Sinter‐Resistant Platinum Catalyst Supported by Metal–Organic Framework

• Published in: Angewandte Chemie (International ed.) Vol. 57; no. 4; pp. 909 - 913
• Main Authors: Kim, In Soo, Li, Zhanyong, Zheng, Jian, Platero‐Prats, Ana E., Mavrandonakis, Andreas, Pellizzeri, Steven, Ferrandon, Magali, Vjunov, Aleksei, Gallington, Leighanne C., Webber, Thomas E., Vermeulen, Nicolaas A., Penn, R. Lee, Getman, Rachel B., Cramer, Christopher J., Chapman, Karena W., Camaioni, Donald M., Fulton, John L., Lercher, Johannes A., Farha, Omar K., Hupp, Joseph T., Martinson, Alex B. F.
• Format: Journal Article
• Language: English
• Published: Germany Wiley Subscription Services, Inc 22.01.2018; Wiley
• Edition: International ed. in English
• Subjects: Absorption spectroscopy; atomic layer deposition (ALD); Atomic layer deposition, heterogeneous catalysis, metal-organic frameworks, platinum, sinter-resistance; Atomic layer epitaxy; Catalysis; Catalysts; Catalytic activity; Chemical bonds; Chemical synthesis; Clusters; Density functional theory; Ethylene; Heavy metals; heterogeneous catalysis; Hydrogenation; Infrared spectroscopy; MATERIALS SCIENCE; Metal-organic frameworks; metal-organic framworks (MOFs); metal–organic frameworks (MOFs); Noble metals; Platinum; sinter-resistance; Spectrum analysis; X-ray absorption spectroscopy; Zirconia; Zirconium dioxide; atomic layer deposition (ALD); platinum; heterogeneous catalysis; metal-organic frameworks (MOFs); sinter-resistance
• ISSN: 1433-7851; 1521-3773; 1521-3773
• DOI: 10.1002/anie.201708092

Single atoms and few‐atom clusters of platinum are uniformly installed on the zirconia nodes of a metal‐organic framework (MOF) NU‐1000 via targeted vapor‐phase synthesis.

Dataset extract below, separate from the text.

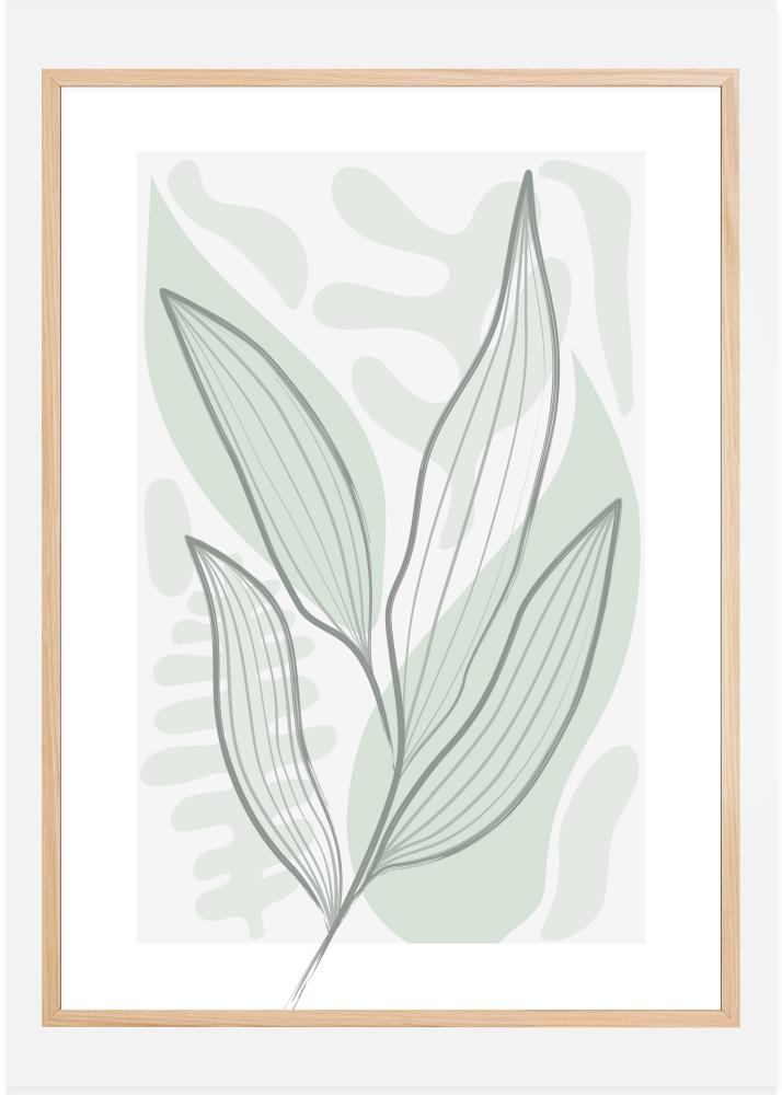 Um póster abstrato com folhas num fundo verde simples com diferentes formas e padrões de folhas. Com cores verdes e cinzentos suaves, o design simples de folhas, delimitado por uma linha cinzento forte, proporciona uma sensação de primavera forte, mas suave, que pode ser pendurada em qualquer divisão da casa.

The catalytic Pt clusters, site‐isolated by organic linkers, are shown to exhibit high catalytic activity for ethylene hydrogenation while exhibiting resistance to sintering up to 200 °C. In situ IR spectroscopy reveals the presence of both single atoms and few‐atom clusters that depend upon synthesis conditions. Operando X‐ray absorption spectroscopy and X‐ray pair distribution analyses reveal unique changes in chemical bonding environment and cluster size stability while on stream. Density functional theory calculations elucidate a favorable reaction pathway for ethylene hydrogenation with the novel catalyst. These results provide evidence that atomic layer deposition (ALD) in MOFs is a versatile approach to the rational synthesis of size‐selected clusters, including noble metals, on a high surface area support. Resistance is useful: Platinum nanoclusters installed on metal–organic frameworks (MOFs) via targeted vapor‐phase synthesis exhibit sinter‐resistance upon ethylene hydrogenation up to 200 °C. Operando EXAFS analysis reveals a coordination environment which remains unchanged under the strongly exothermic hydrogenation reaction of ethylene, ALD=atomic layer deposition.